We were discussing depression and this question came up - how did the discussion start, well, close friends picked it up during tea and because no one has had training, there was obviously much concern. Also, it's not an overnight thing, it's progressing in the wrong direction.

Depression is a state - not a trait, because it does not have any bearing on personality at all. It can affect anyone, at any time, for any duration. If a person is of a depressive nature, i.e. perhaps having a bleak outlook upon life and things, then that is personality based - and a trait.

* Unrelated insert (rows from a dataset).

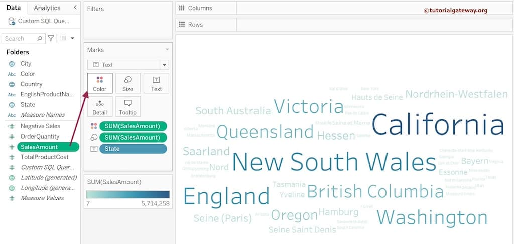 让我们为词云添加颜色。我们可以通过将“销售额”拖到“标记”卡中的“颜色”字段来完成此操作。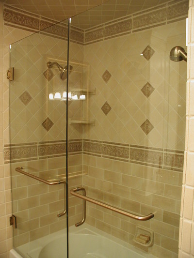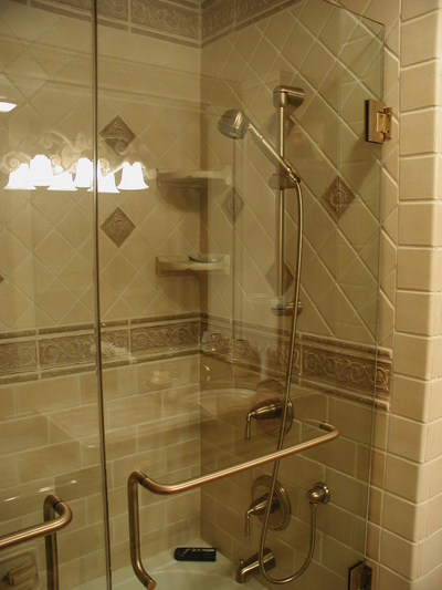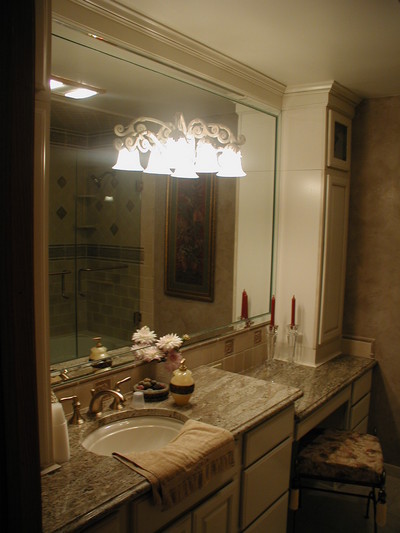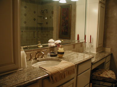 Not a large bath; but, what an improvement! Unfortunately, before photos are not available but the alterations we made really changed this master bath. We maximized the space by extending the vanity across one wall, adding a makeup area and wall cabinets. We reconfigured the custom tiled shower and added an extra showerhead.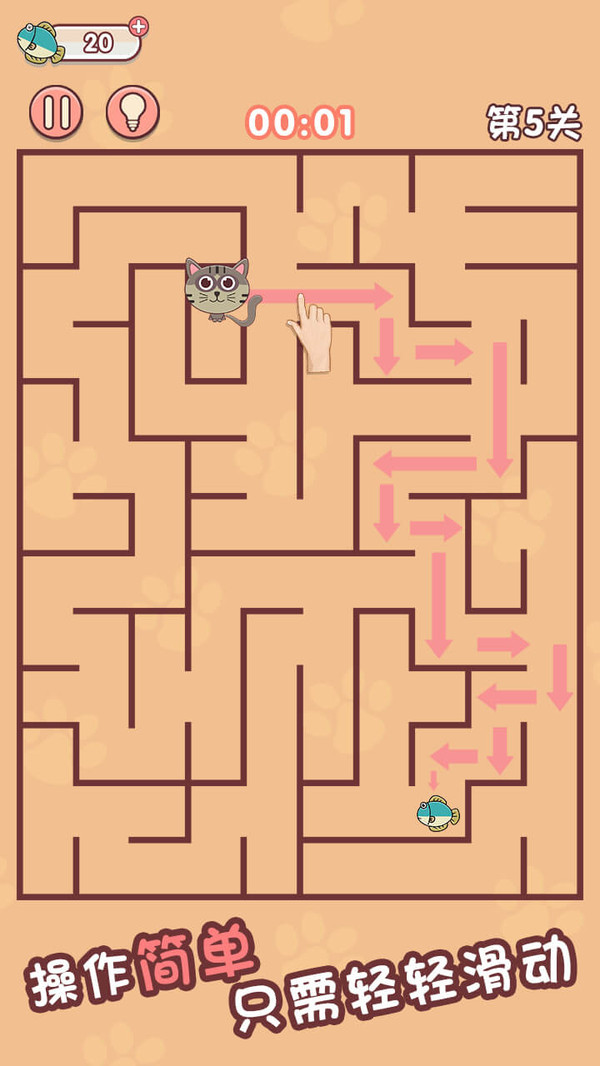欢乐迷宫猫,手动走迷宫,还能和朋友比赛谁更快走出哦!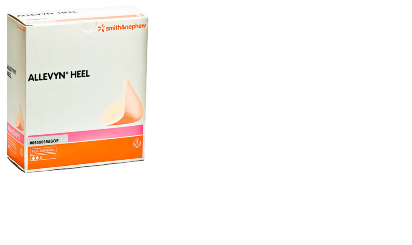 Apósito Allevyn Heel 10,5 x 13,5 cm – Protección adaptada para el talón Apósito trilaminar no adhesivo, altamente absorbente e impermeable. Barrera bacteriana, permite el intercambio de vapor de agua. Diseño anatómico para el talón.
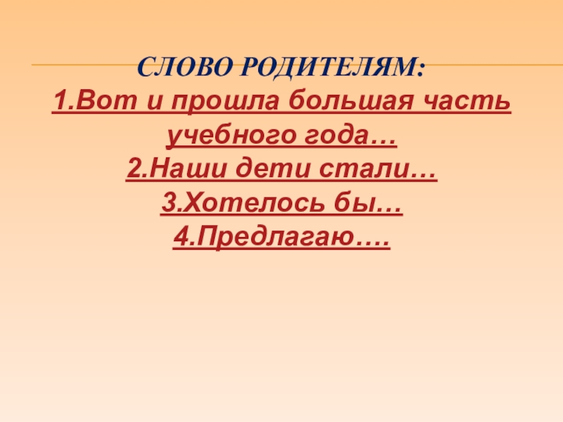 СЛОВО РОДИТЕЛЯМ:1.Вот и прошла большая часть учебного года…2.Наши дети стали…3.Хотелось бы…4.Предлагаю….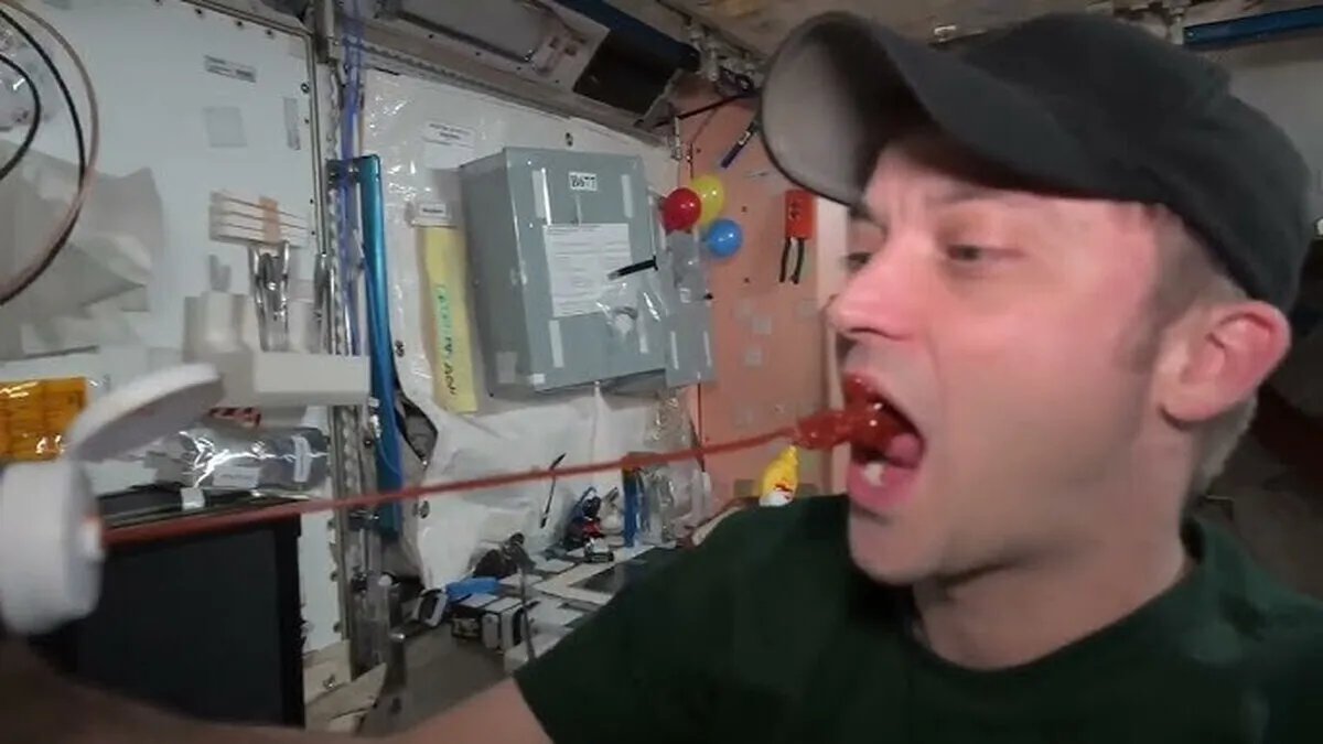 خدمه ایستگاه فضایی بین‌المللی در شرایط گرانش صفر دست به کار جالبی زدند و نشان دادند که بطری‌های سس کچاپ خارج از سیاره زمین چگونه هستند.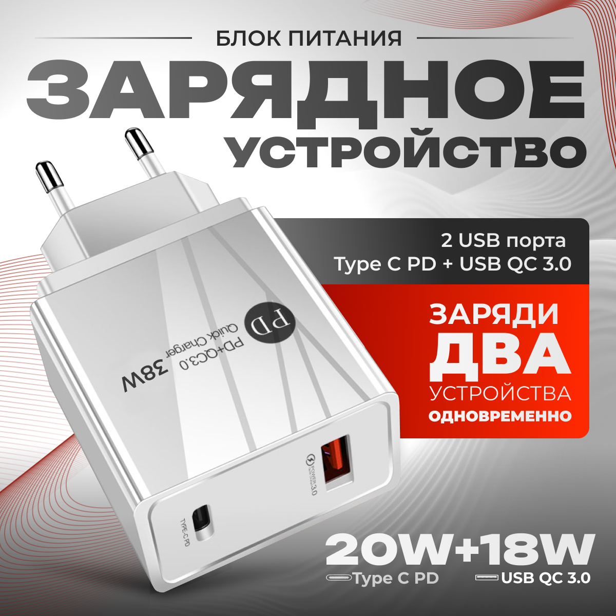 Сетевое зарядное устройство для телефона, 2 USB порта Type C PD + USB QC 3.0, быстрая зарядка для iphone, 20 Вт, белая информация: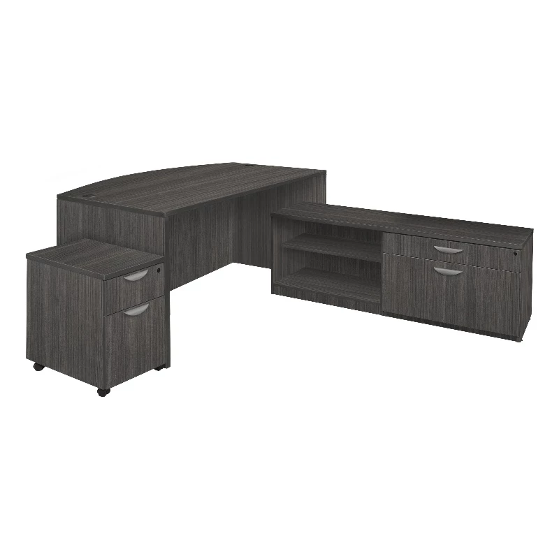 The Legacy Hi-Low L-Desk is a modern twist on a corner desk. It comes with a low credenza instead of a traditional return. The 20-inch high low lateral file has a box drawer and a file drawer that accepts both letter and legal filing. This unique desk also includes a mobile two-drawer pedestal with locking wheels that can be placed anywhere. All drawers lock and include ergonomically shaped black drawer pulls. Also standing at 20-inches high, the open storage cabinet has one adjustable shelf that can be moved in 1-inch increments. The low credenza is a perfect height to slide underneath the desk to save space. It can also be positioned on either side of the desk to accommodate both left and right handed individuals. The main desk measures 71-inches long and offers an extra wide work surface with an executive bow front so there is plenty of room to spread out, allowing you to multi-task and efficiently manage large work loads. Strategic grommeting keeps your work area looking clean and desktops cable and clutter free. Adjustable glides on the bottom of the base keep the desktop level and are easy to adjust. Finished in an stylish Ash Grey laminate, this desk coordinates with other Legacy furniture, which makes customizing easy. The Legacy collection is constructed of a 1-inch thick thermal fused melamine laminate with a 3-millimeter commercial grade matching PVC edge. Laminates are scratch, stain and scald resistant. Legacy casegoods are backed by a 10-year limited manufacturer’s warranty.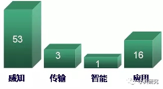 从分层来看,广东地区大多数物联网企业依然是以感知层为主,感知层企业数量53个,应用层企业数量16个,传输层企业3个,智能层企业1个。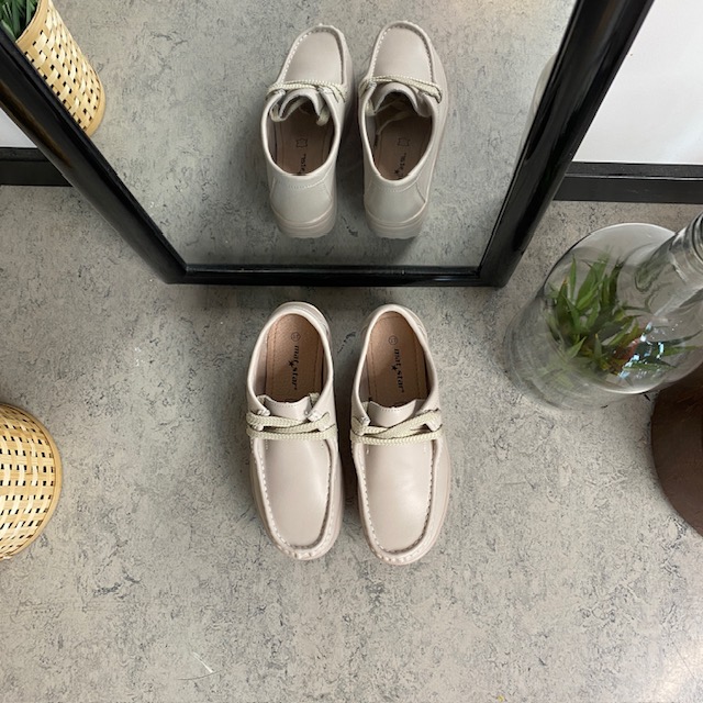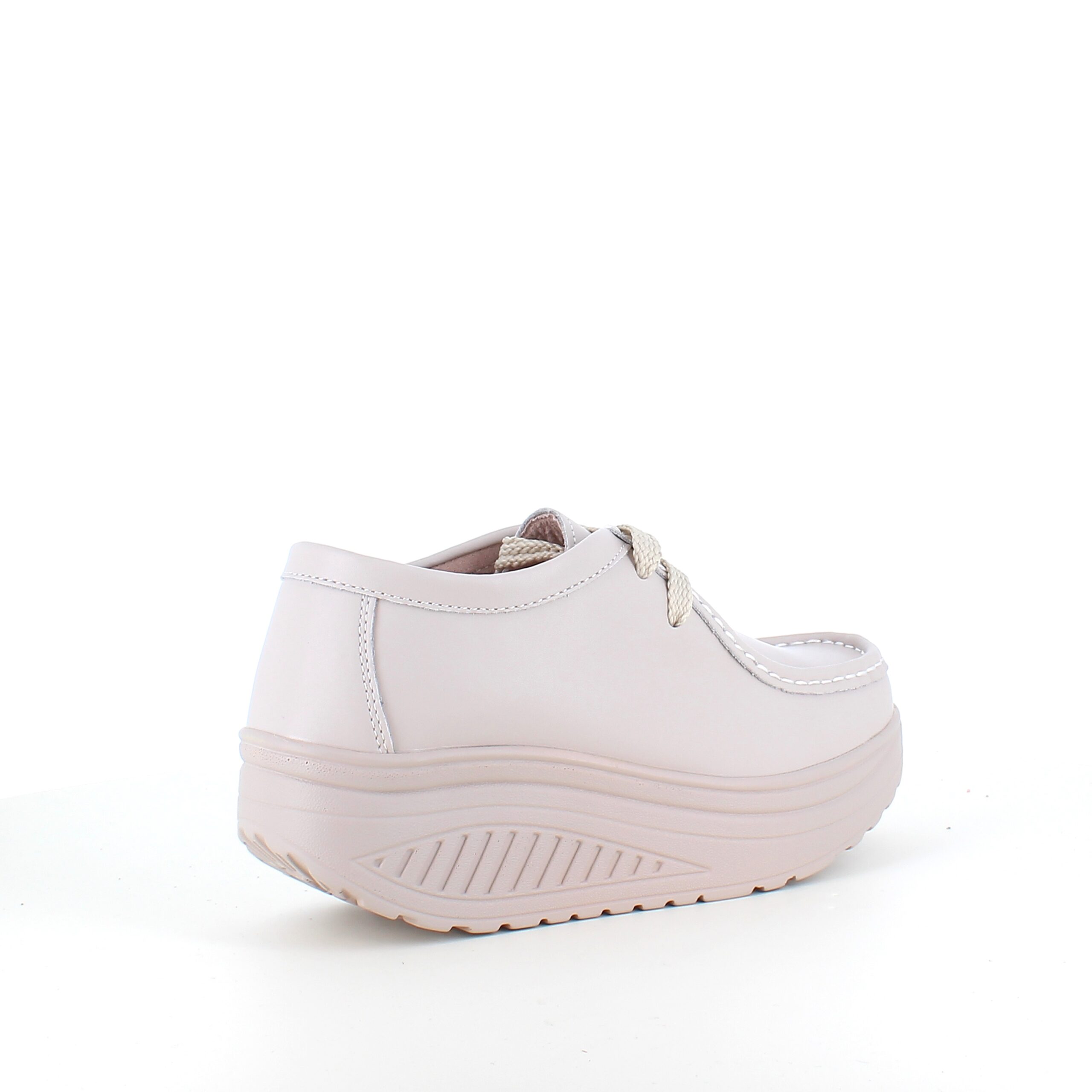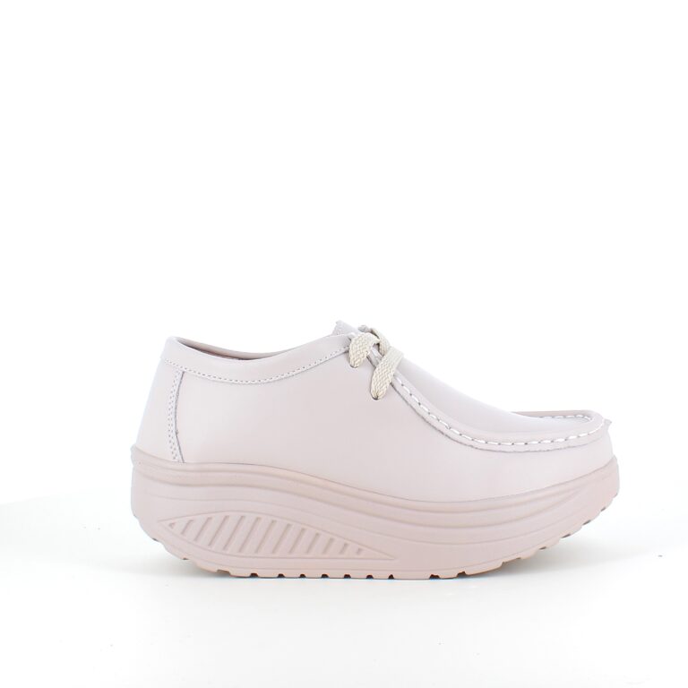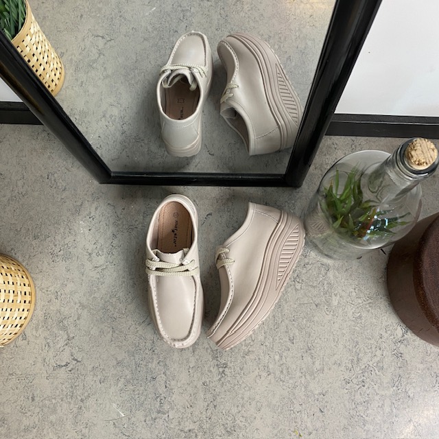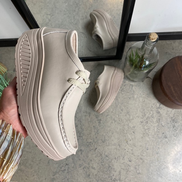 Beige skindsko med gængesål og svangstøtte kombinerer stil og komfort.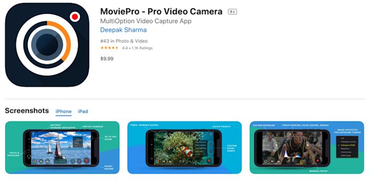 Another highly rated camera app is MoviePro. It offers manual controls and presets for nearly every camera setting, plus audio recording features like on-screen audio meters and Bluetooth microphone compatibility.

I had to reassure her that I'm fine - and in my context, it's my responsibility to keep track of where I am so that I am able to self-cure. It's not something everyone can do, because there are limits unconsciously set by the mind. When the mind is in this state, it may not have the will to mend and most would require assistance to do so. But this is my mind we were discussing about and for that, no alarm bells are required.

In fact, I was joking about it to another gf a few days ago, about how much it must have taken for me to hit clinical, since I have never been this far up the scale. Over the years, my unhapppy state of mind was managed by coping and hanging on, making the best of the situation. Now, the dynamics have changed and I'm moving forward, which required a dissection of everything so that lessons are learnt, the truth swallowed and contingency plans put into place. When that happens, we have to admit our mistakes, find the source so that it never repeats in the future.
That was how I got here - the dreaded list of what i didn't do correctly.

I could well sweep this under the mat and move on. If I did that, then I would have made getting myself into this shit, a personal trait. I would much rather take my chances with being in a bad state of mind and manage it.

She was so worried, she made me stay till supper. I appreciate that since she has watched me move from one abusive marriage to another bad one, always doing this for the convenience of someone else - never because of love. She has never seen me walk down any aisle in a wedding dress. I have never worn one, because there was never a reason for me to.

Therefore, the state of mind I am in, is temporary, albeit worrying for all - my personality trait of always just existing doesn't worry anyone although that seems to be more permanent.

It's a double-edged sword for me, because either way it kills my spirit - but at least being in a less ideal state of mind is something I know I can fix over time, because I'm me - scary for people who care that I'm walking on this tightrope with no safety net that they can visualise. I am able to deal with it - I just need time.